Ситуация для меня была однозначной: всё или ничего! Поэтому я остановился на староиндийской защите, своем старом, испытанном оружии. Система, избранная Тукмаковым, не обещала белым многого, но имела то преимущество, что резко ограничивала активные возможности черных. Надо было что-то предпринимать… Конечно, я понимал, что попытка уклониться от освященных теорией продолжений связана с серьезным риском, но иначе надо было расстаться с мыслями о чемпионском звании.
Уже на 7-м ходу я пожертвовал пешку, получив взамен живую фигурную игру. Тукмаков мог многочисленными разменами добиться ничьей, но отказался от этого. Становилось очевидным, что соперника захватил азарт борьбы и, желая наказать меня за авантюрную игру в дебюте, он забыл о стоявшей перед ним спортивной задаче.

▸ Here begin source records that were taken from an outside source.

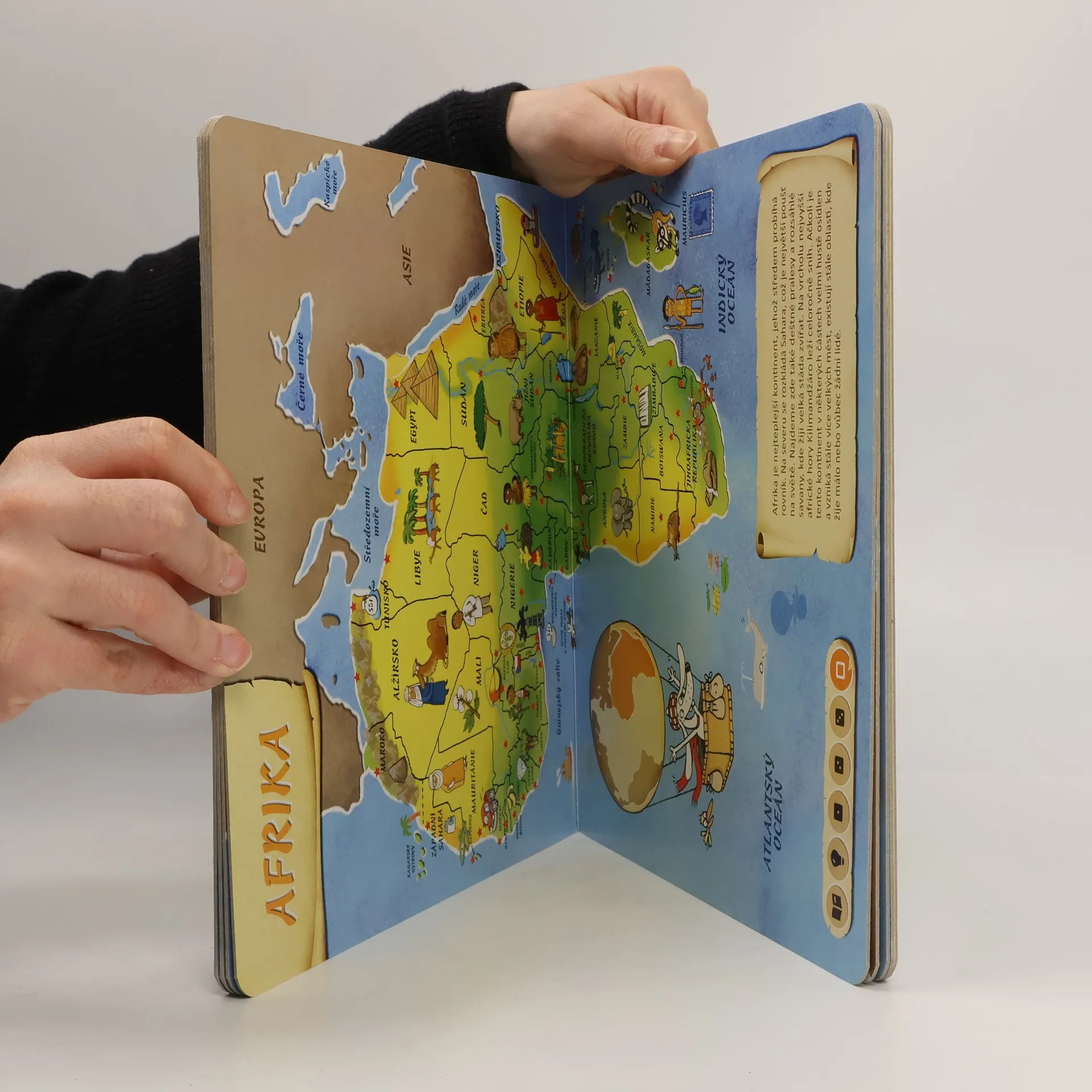Tato kniha obsahuje osm různých map. Na jednotlivých stranách se seznámíte se všemi kontinenty, poznáte země na naší planetě a zjistíte, kde tyto země leží. Nechybí zde ani oceány, moře, velké řeky a pohoří, které jsou nedílnou součástí naší planety. Obrázky na mapách vám ukáží, jaká zvířata, stavby či jiné zajímavosti můžete v jednotlivých zemích najít. Kniha je namluvena známým českým hercem Otakarem Brouskem ml. Kniha obsahuje přes 1800 zvuků a textů.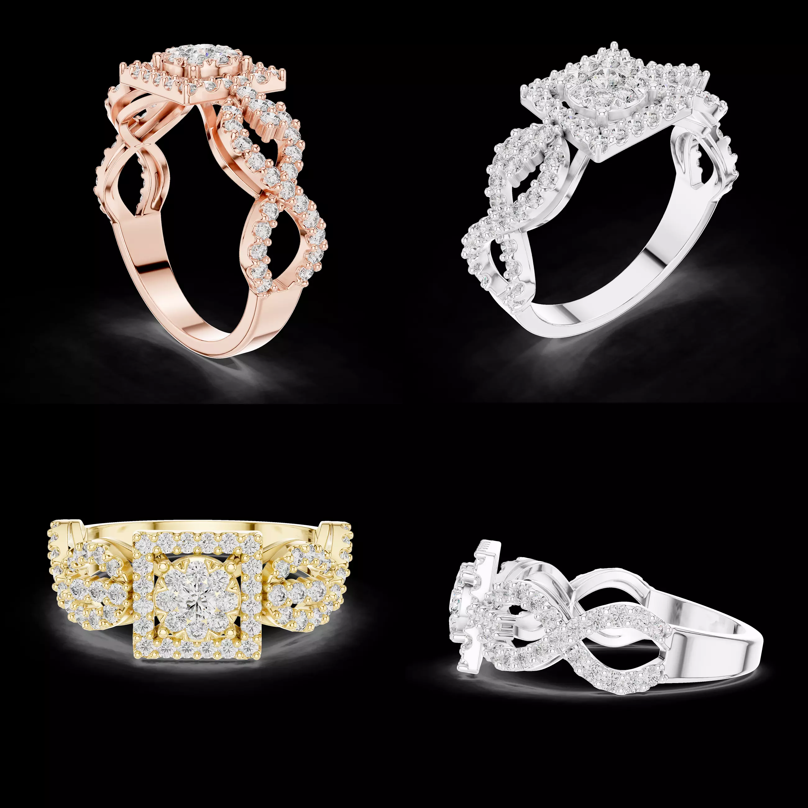 This luxury diamond square halo infinity ring CAD design features a bold square-shaped center cluster framed by a detailed halo, combined with an elegant infinity-style pavé shank. The design blends modern geometry with soft flowing curves, creating a unique and high-end visual appeal.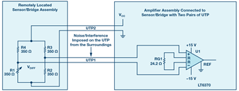 为了从CM(直流和干扰)中成功提取很小的电桥差分电压,一种解决方案是使用两对屏蔽或非屏蔽双绞线(UTP)。这样,仪表放大器的两个输入实现均衡,受到的CM噪声影响相同,如图4所示。诸如LT6370之类的器件具有出色的低频CMR (120 dB),能够可靠地抑制困扰IA输入的噪声。结果,即使在嘈杂的环境中,远距离输出波形也很干净。

Это было мне на руку, так как давало возможность проявить инициативу.
Понимая, что все мосты сожжены и судьба партии решится в открытом бою, я пожертвовал вторую пешку. Это отвлекло белую ладью, что неожиданно выявило слабость первой линии. Фигуры белых сгрудились на ферзевом фланге, а черные тем временем начали подбираться к неприятельскому королю.
Я чувствовал, что Тукмаков не сознает грозящей опасности, и на первый взгляд у белых действительно все было в порядке. Но только на первый взгляд. Огромная энергия, заложенная в черных фигурах, вдруг начала вырываться наружу. С опозданием Тукмаков стал перебрасывать фигуры назад, но они лишь становились новыми мишенями для моих фигур.

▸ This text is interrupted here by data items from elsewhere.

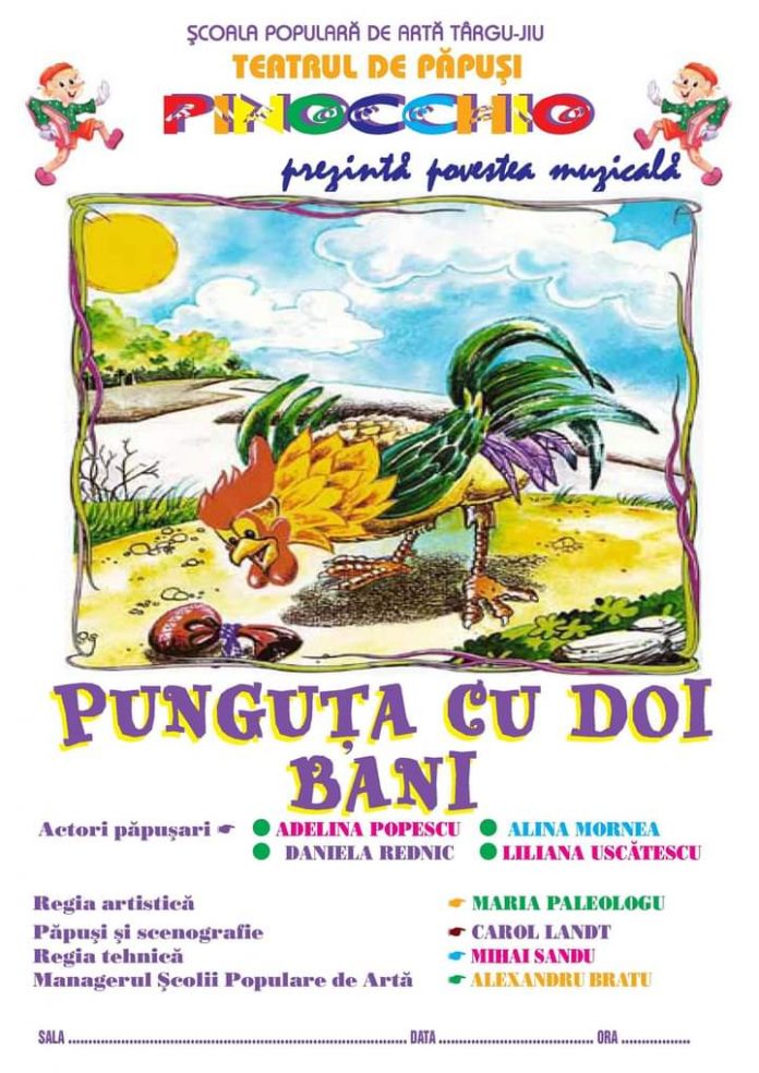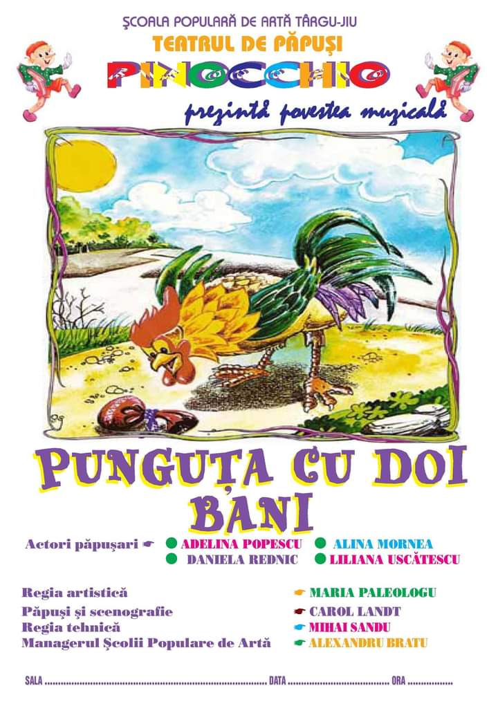 Teatrul de păpuși ”Pinocchio” revine cu piesa muzicală ”Punguța cu doi bani”. Aceasta se va juca miercuri, 19 august 2020, de la ora 10:30, la Teatrul de Vară din Târgu Jiu.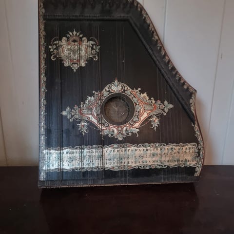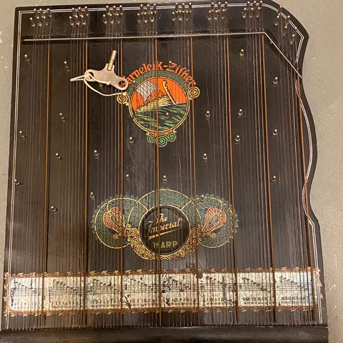 harpeleik zither h 53 cm b 43 cm noe slitt selges som repobjekt noen def strenger selges for 600 kr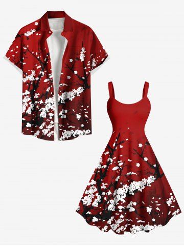 Plus Size Plum Bossom Flower Print Hawaii Tank Dress - Red - 1x

При желании я уже мог эффектно форсировать ничью, и в любой другой ситуации такая ничья принесла бы мне огромное творческое удовлетворение. Но в этот день я шел на риск как раз для того, чтобы избежать ничейного исхода! И тут, когда опасность стала видна невооруженным глазом, когда черные фигуры захватили все ключевые позиции, Тукмаков растерялся. В принципе проигрыш белых был предрешен, но обилие угроз и недостаток времени привели к грубому зевку, в один ход погубившему партию.

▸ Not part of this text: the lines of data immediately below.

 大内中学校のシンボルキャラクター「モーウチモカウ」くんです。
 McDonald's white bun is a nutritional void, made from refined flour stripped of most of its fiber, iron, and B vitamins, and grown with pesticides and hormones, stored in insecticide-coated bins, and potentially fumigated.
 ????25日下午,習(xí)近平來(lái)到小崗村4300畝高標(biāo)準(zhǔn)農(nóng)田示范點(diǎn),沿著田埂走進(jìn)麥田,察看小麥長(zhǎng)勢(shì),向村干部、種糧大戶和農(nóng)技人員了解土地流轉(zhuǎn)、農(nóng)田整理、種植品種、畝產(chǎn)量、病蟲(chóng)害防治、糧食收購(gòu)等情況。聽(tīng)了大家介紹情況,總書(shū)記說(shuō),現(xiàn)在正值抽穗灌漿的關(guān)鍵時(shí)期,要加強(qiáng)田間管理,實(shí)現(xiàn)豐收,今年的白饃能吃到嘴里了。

Долго колебалась чаша весов в партии Псахис — Агзамов. В какой-то момент даже казалось, что Лева близок к победе, однако упорной защитой соперник разбил все его надежды на атаку. Решив не выпускать синицу из рук, Псахис предложил ничью, но, к своему удивлению, натолкнулся на отказ. В конце концов партия все же закончилась вничью.
Это была драматическая гонка, в которой мы с Псахисом, сменяя друг друга, лидировали на протяжении всей дистанции и в итоге вместе пересекли финишную черту, оторвавшись от ближайших преследователей на два с половиной очка! Обоим были вручены золотые медали чемпионов СССР.
Встречи с советскими гроссмейстерами стали для меня хорошей школой, я не только многому научился, но и заставил считаться с собой. Обнадеживал и быстрый рост моих результатов в чемпионатах страны: сначала с 9-го места я переместился на 3-е, а теперь — на 1-е.
Всех занимал вопрос: кто будет претендентом в 1984 году? В глубине души я верил в свой успех. Но со времени Тилбурга знал, что не смогу пройти отборочные соревнования, если не наберусь опыта игры в зарубежных турнирах экстракласса.